Scenario B: Routing scoring issues

# Fix routing algorithm in orchestrator/app/services/router.py

async def score_arms(self, task: TaskContract) -> Dict[str, float]:
    """Score arms based on task requirements"""
    scores = {}

    for arm_name, arm_capability in self.registered_arms.items():
        score = 0.0

        # Check keyword matching
        task_keywords = extract_keywords(task.goal.lower())
        arm_keywords = arm_capability.keywords

        keyword_matches = len(set(task_keywords) & set(arm_keywords))
        score += keyword_matches * 10

        # Check domain match
        if arm_capability.domain in task.goal.lower():
            score += 50

        # Penalize if arm is unhealthy
        if not await self.is_arm_healthy(arm_name):
            score = 0

        scores[arm_name] = score

    # If no scores, default to planner
    if all(s == 0 for s in scores.values()):
        scores["planner"] = 100

    return scores

Scenario C: Capabilities not registered

# Ensure arms register capabilities on startup
# In each arm's app/main.py

@app.on_event("startup")
async def register_with_orchestrator():
    """Register arm capabilities with orchestrator"""
    capability = ArmCapability(
        name="planner-arm",
        domain="planning",
        keywords=["plan", "decompose", "break down", "steps"],
        url=f"http://{os.getenv('HOSTNAME')}:8100"
    )

    async with httpx.AsyncClient() as client:
        response = await client.post(
            "http://orchestrator:8000/api/v1/arms/register",
            json=capability.dict()
        )

        if response.status_code != 200:
            logger.error("Failed to register with orchestrator", error=response.text)
        else:
            logger.info("Successfully registered with orchestrator")

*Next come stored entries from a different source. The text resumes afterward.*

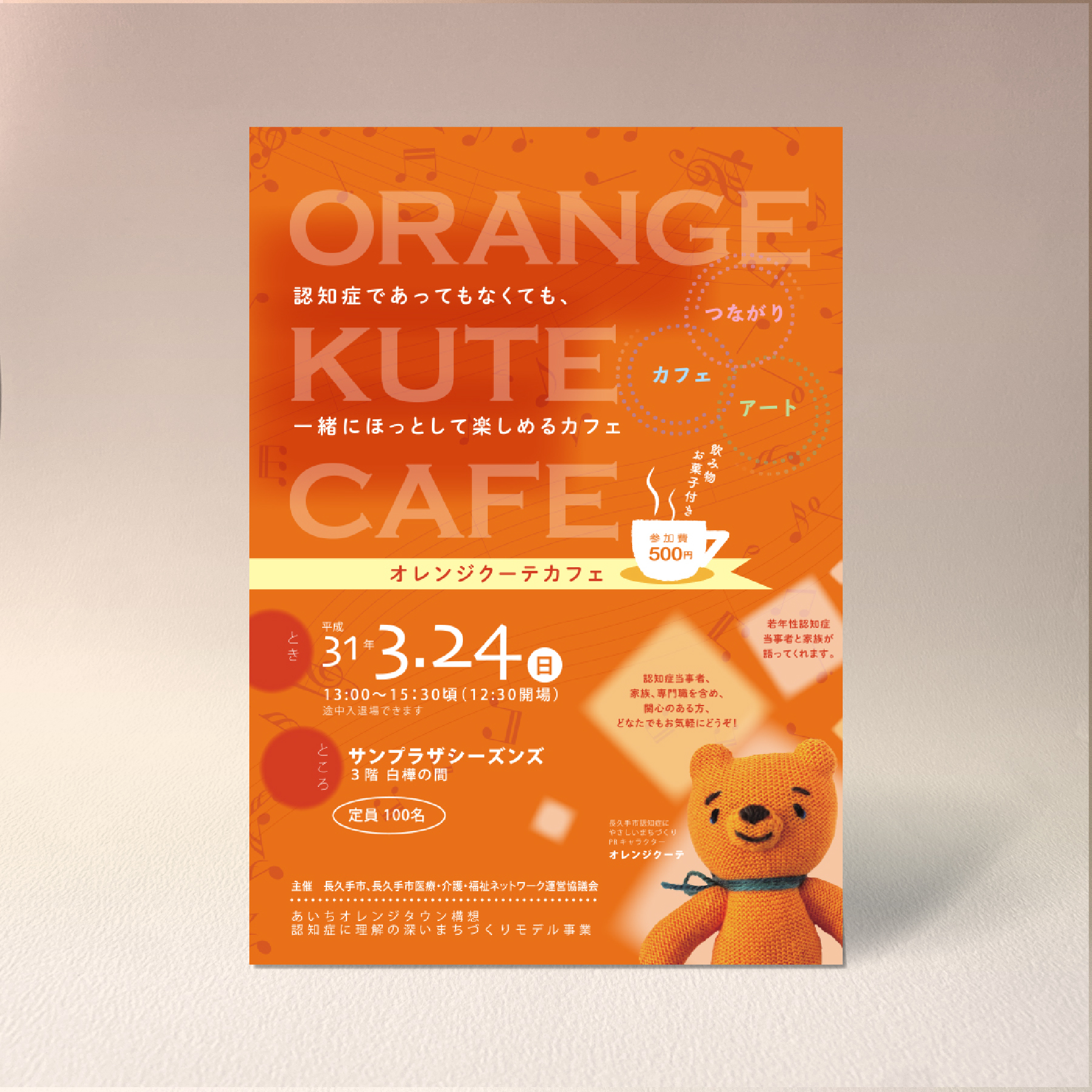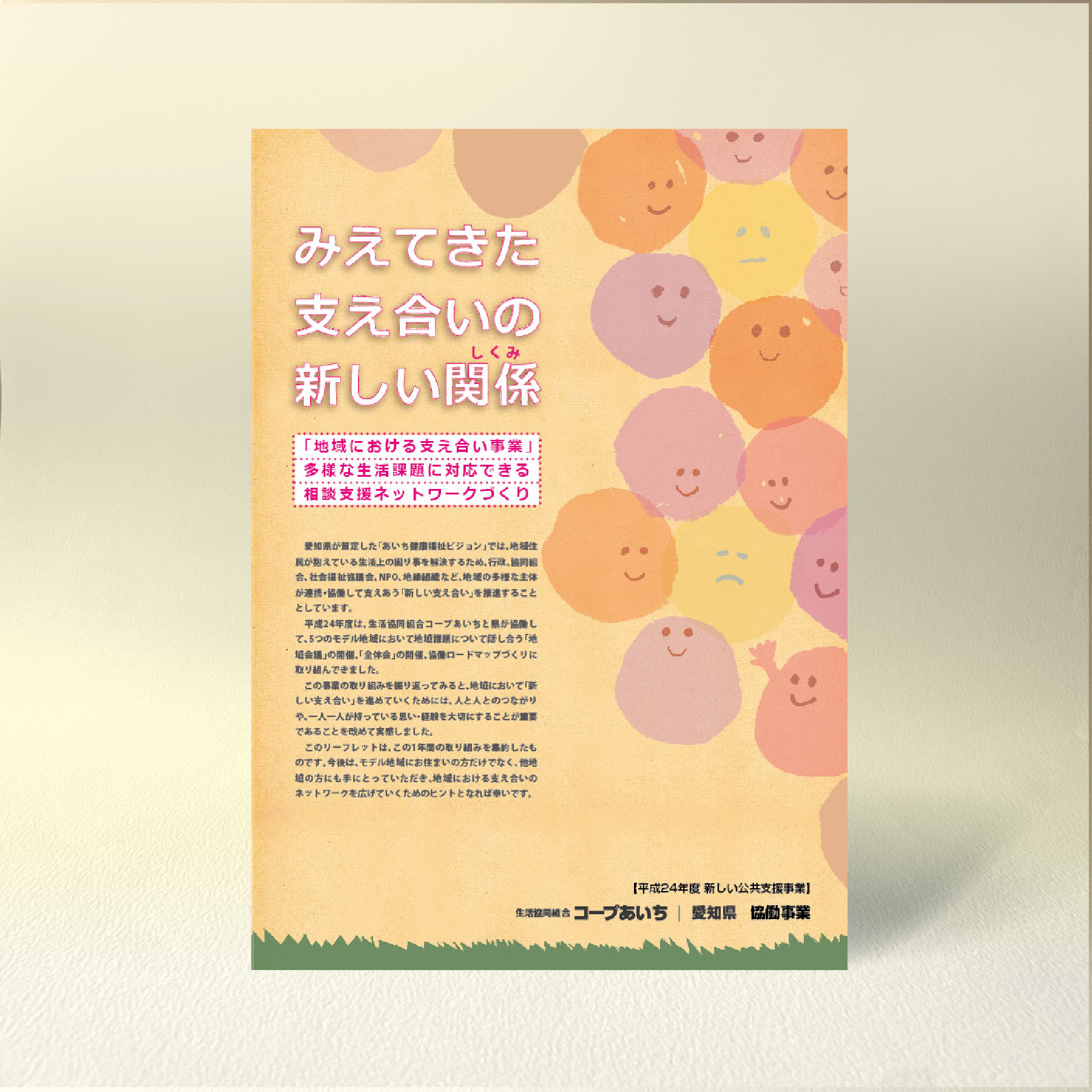 A4三つ折りパンフレット表紙キャラクター:クライアント支給、中面イラスト:林よしえ
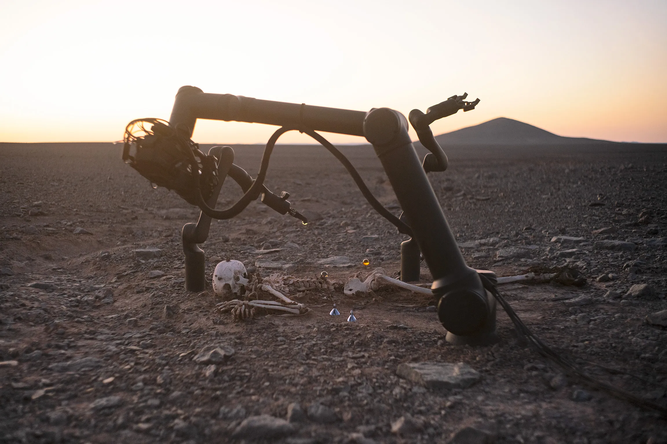 一組機器在對在智利阿塔卡馬沙漠發現的一具年輕男性的骷髏執行某種未知的儀式。這是世界上最古老、最乾燥的沙漠,也是天文學家研究外行星 (即存在於我們太陽系之外的行星)的試驗場。機器所執行的儀式顯現出無盡的葬禮儀式、一個手術室,以及特定無生命主觀性的學習過程和形成。
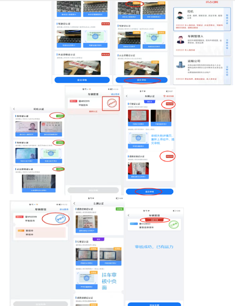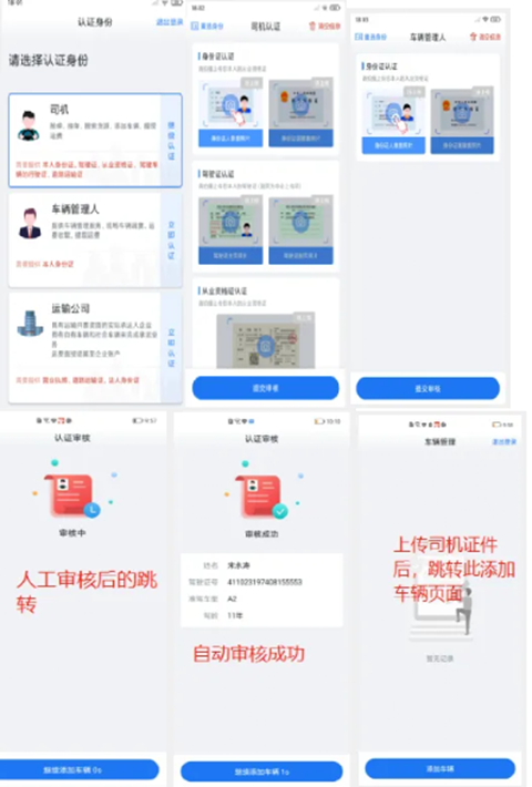 人工审核:平台审核成功后,绑定运力,司机可以进行扫码接单、货源抢单等操作
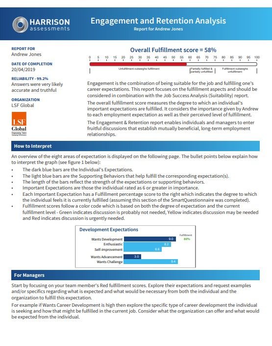 The Engagement & Retention Analysis uncovers what truly motivates individuals to stay engaged at work. By analyzing expectations across development, recognition, autonomy, and work-life balance, it reveals fulfillment gaps and provides actionable insights to improve retention and satisfaction.
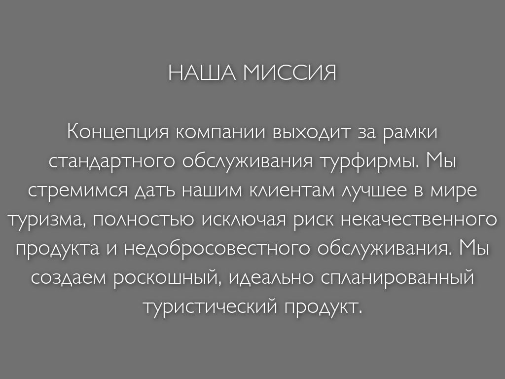 Концепция компании выходит за рамки стандартного обслуживания турфирмы. Мы стремимся дать нашим клиентам лучшее в мире туризма, полностью исключая риск некачественного продукта и недобросовестного обслуживания. Мы создаем роскошный, идеально спланированный туристический продукт.

Scenario D: Task constraints too strict

# Relax constraints if no match found
async def route_task(self, task: TaskContract) -> str:
    """Route task to best arm"""
    scores = await self.score_arms(task)

    max_score_arm = max(scores, key=scores.get)
    max_score = scores[max_score_arm]

    # If no good match, try relaxing constraints
    if max_score < 10:
        logger.warning(
            "No good arm match, relaxing constraints",
            task_id=task.task_id,
            original_goal=task.goal
        )

        # Remove optional constraints
        task.constraints = [c for c in task.constraints if "must" in c.lower()]

        # Re-score
        scores = await self.score_arms(task)
        max_score_arm = max(scores, key=scores.get)

    return max_score_arm

Prevention

Health checks: Ensure all arms have health endpoints
Registration: Auto-register arms on startup
Fallback routing: Always have a default arm (planner)
Monitoring: Track routing failures
Testing: Test routing logic with various task types

LLM API Failures

Symptoms

429 Too Many Requests errors
503 Service Unavailable from LLM provider
Authentication errors
Timeout errors
Alert: HighLLMAPIErrorRate

Diagnosis

Step 1: Check LLM API metrics

# Query Prometheus
curl -G 'http://localhost:9090/api/v1/query' \
  --data-urlencode 'query=rate(llm_api_calls_total{status="error"}[5m])'

# Check error logs
docker compose logs orchestrator | grep -i "llm.*error"

Step 2: Verify API key

# Test API key manually
curl https://api.openai.com/v1/models \
  -H "Authorization: Bearer $OPENAI_API_KEY"

# Check key in environment
docker compose exec orchestrator env | grep OPENAI_API_KEY

Step 3: Check rate limiting

# View rate limit headers from last request
docker compose logs orchestrator | grep -i "rate.*limit"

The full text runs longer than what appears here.